DeepSeek for bash-plus-Python glue, given a strong reviewer downstream. One data point is not enough to recommend it for production-grade work without further use.

The cross-cutting rule: never run a parallel dispatch without an output review step. The whole point of dispatching to multiple models is that each one will get something wrong. The cost of the dispatch is the parallel API calls; the cost of not reviewing the outputs is the bugs you ship because one of the models was confident and wrong.

A note on token economics

A naïve reading of this is “codex costs 10x more than GLM, so use GLM.” That is wrong in both directions. Codex tokens are billed against a subscription, not per-call, and the reasoning budget is amortized across what would otherwise be a review-and-rewrite loop on a smaller model. GLM tokens are cheaper but the review-and-rewrite happens in your time, which is the most expensive resource in the system. The actual economic calculation is: what does it cost you, in wall clock and attention, to clean up the output? For complex deliverables that question matters more than the API bill.

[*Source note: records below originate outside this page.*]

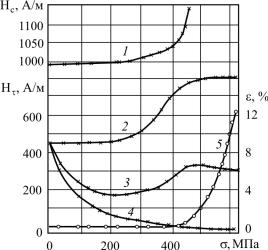Рис. 3.11. Зависимость коэрцитивной силы Нс итангенциальнойсоставляющейнапряженностиполяНτ остаточно намагниченного образца из стали 20Н2М отвеличины действовавшихнапряжений: 1 – Нс; 2 – Нτσ; 3 – Нτ; 4 – зависимость Нτσ отвеличины действующих напряжений; 5 – кривая зависимости напряжение –
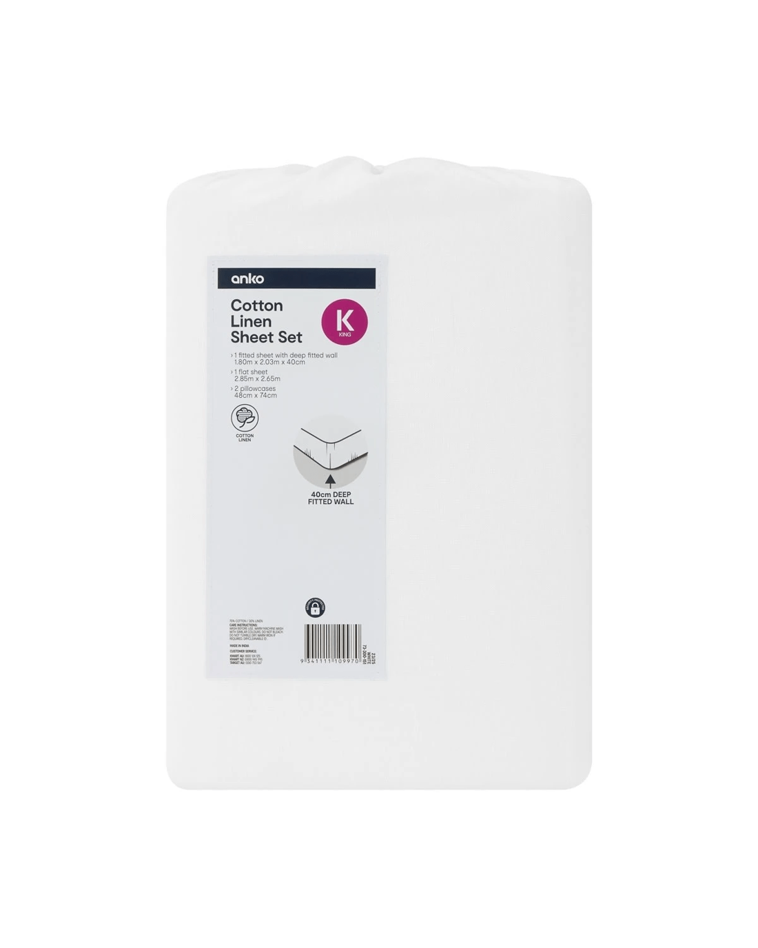 Cotton Linen Sheet Set - King Bed, White
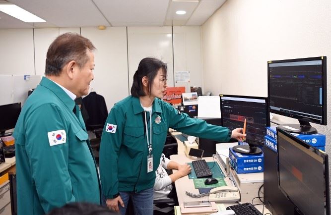 이상민 행안부 장관이 19일 오전 국가정보자원관리원을 방문해 정부 행정 전산망 오류 사태 복구 상황을 점검하고 있다.

This is the same trap as the agent-swarm decomposition pattern I wrote about last week. Cheaper-per-call is not cheaper-per-task. Decomposing a task across many small cheap models can cost more than running it once through a model that gets it right on the first pass, because the cleanup cost is not paid by the API.

The takeaway

Use the model that nails your spec on the first pass, not the model that is cheapest per token. For most well-specified tasks today that means codex. For prose where the shape is more forgiving, GLM-4.6 is faster and the post-processing cost is acceptable. For everything else, run a parallel dispatch and pick the best output — but only if you trust your review process to catch what each model gets wrong. The interesting question is not “which model is best.” It is “which failure mode am I prepared to handle.”